Ken Stone: Turkey
Turkey
My mother’s father, held in place by work and braces,
relaxed at evening and spoke of things more luminous
than stars above his wide veranda.
We’re coastal and turkey-less here, not like
your horizon spreading pebbles for a turkey’s craw.
Tell me why the cock bird, when not scarring paddocks
with flick-knife wings, hunts for worms,
when it already wears one fixed to its brow?
I had no answer, for I was eight years old,
and callow in the ways of turkeys,
especially one with green-sheen feathers
and the head of a blushing flower.
My grandfather toyed with language
and we played that game near his festive belly,
which savoured turkey—
We must harvest our turkey soon.
Even as a thought we must pluck,
gut and roast him, before he flavours
a neighbour’s room.
To think of a turkey was easy,
but to slaughter one?
The immensity of such a task!
It would be simpler to grapple the moon.
It would sap my bravery to drain its colour.

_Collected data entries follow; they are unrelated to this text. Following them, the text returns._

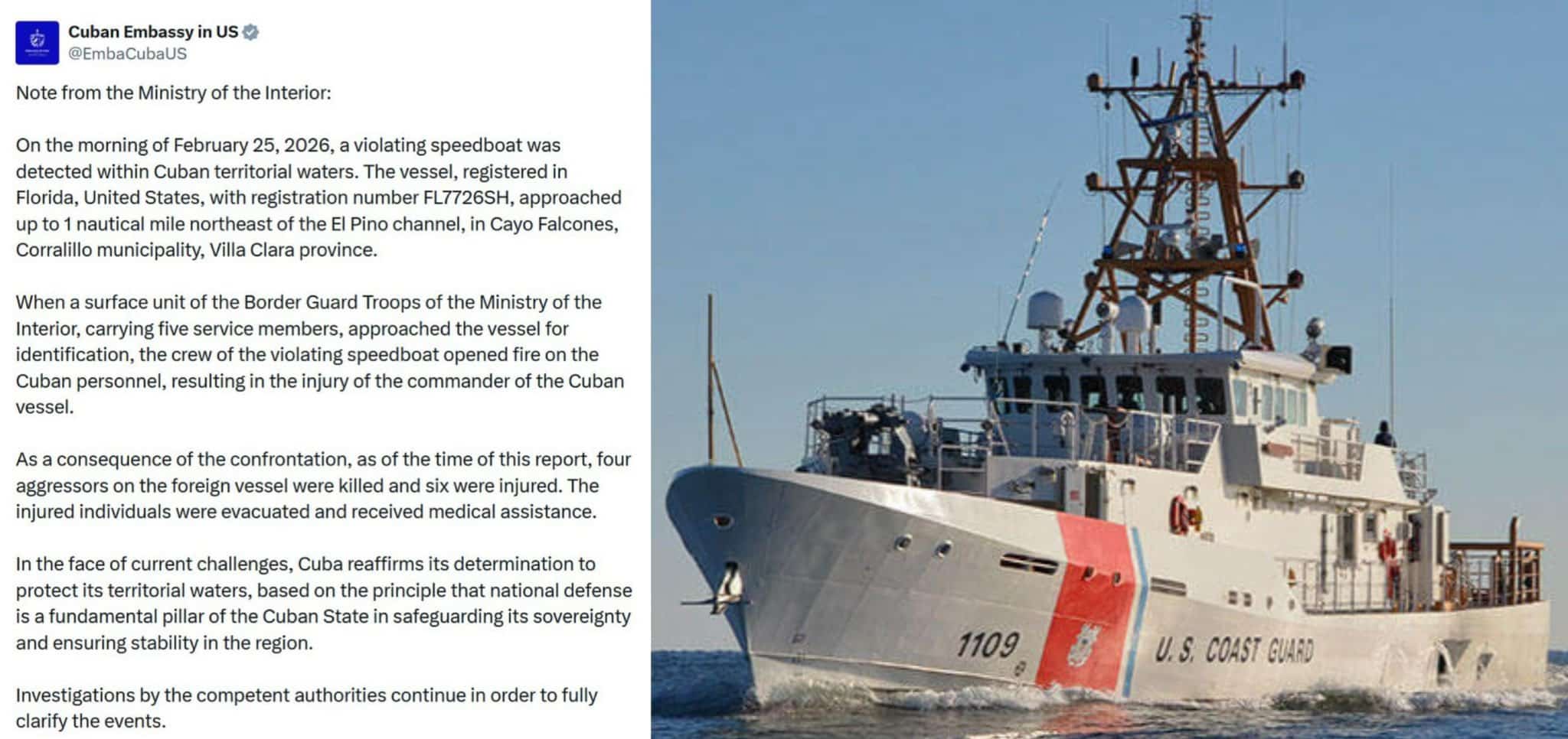 Bộ Nội vụ Cuba ra thông cáo nhưng không cung cấp nhiều chi tiết về vụ nổ súng. Thông cáo cho biết con tàu ở vị trí cách khoảng 1 dặm về phía đông bắc Cayo Falcones, ngoài khơi bờ biển phía bắc Cuba.
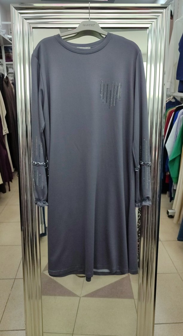 Uzun kollu, bisiklet yaka gri tunik, zincir detayları ve nakış desenleriyle günlük rahat şıklık sunar.
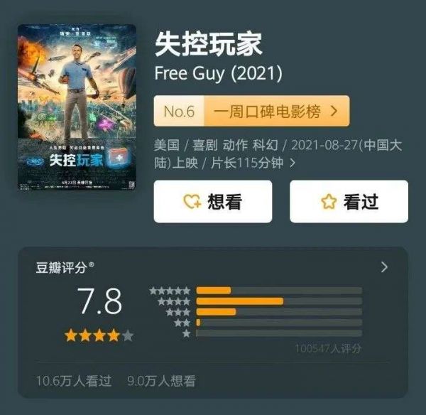 紧急定档、宣发空窗期较短,也让不少好莱坞影片难以触达更多观众群。灯塔专业版数据显示,《失控玩家》在8月19日官宣引进到定档8月27日这8天时间里,虽然共有19个营销事件,但其转换率并不高。在豆瓣评分7.8的情况下,目前该片的想看人数也不过10万。
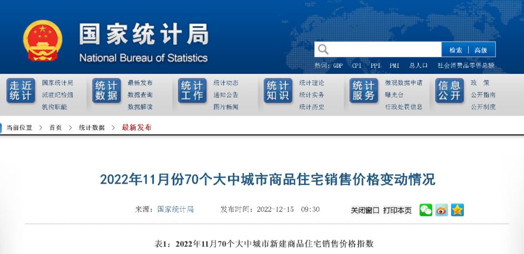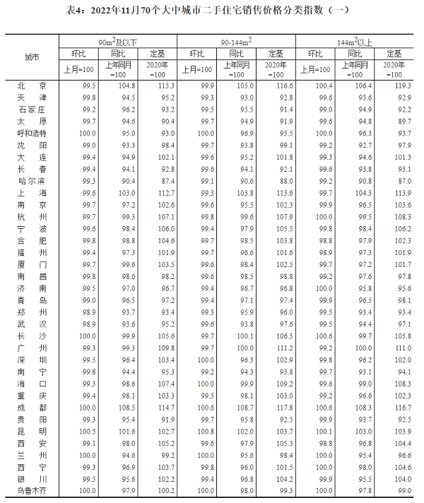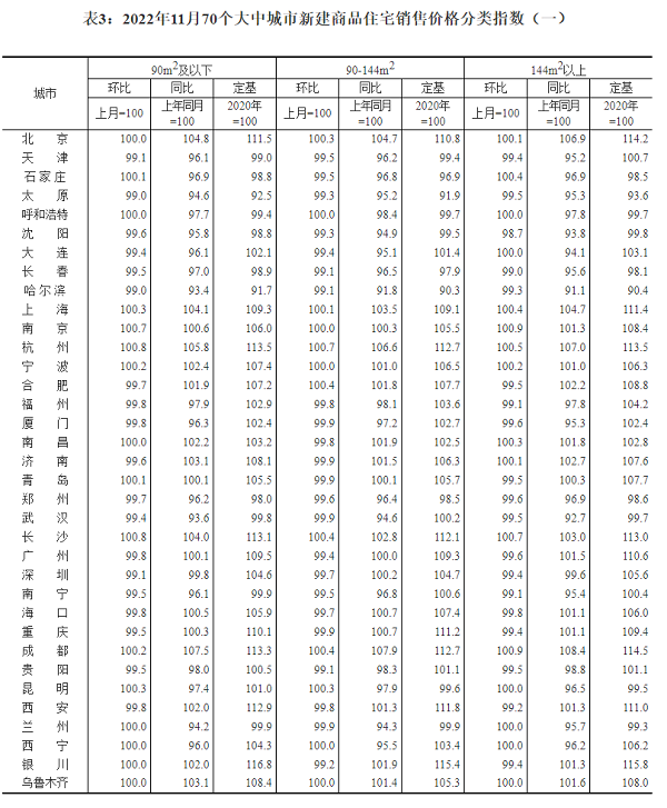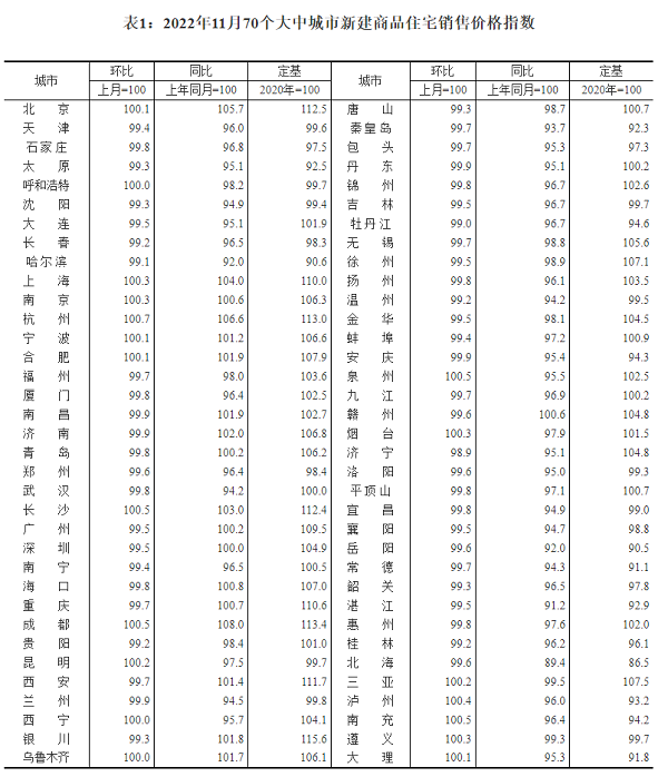 国家统计局今日公布2022年11月份商品住宅销售价格变动情况统计数据。11月份,70个大中城市中,新建商品住宅、二手住宅销售价格环比下降城市分别有51个、62个。
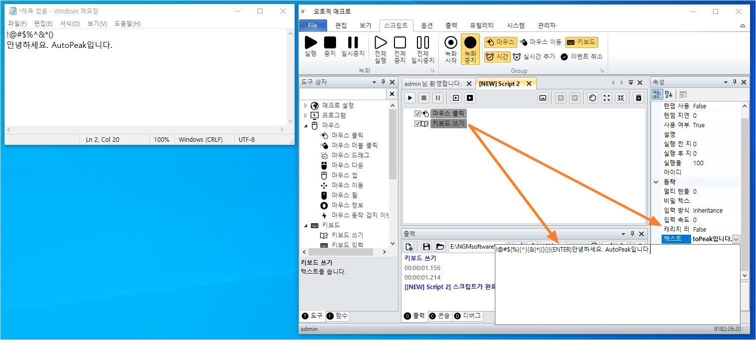 매크로를 실행하고 메모장에 입력된 문자를 확인 해보세요.

And what of the deed done: blood on my hands,
and a turkey head a grotesque flower?
Grandfather sensed my trepidation:
We’ll leave that one alone.
It can scratch a circle and shelter there.
We’ll satisfy hunger with a lesser bird,
and carve to its keel of bone.
Sixty years onward, an imagined bird shapes
with fanning wings and worm-draped brow:
a turkey on a western plain, tightens time’s craw
to be ground with the grit of words.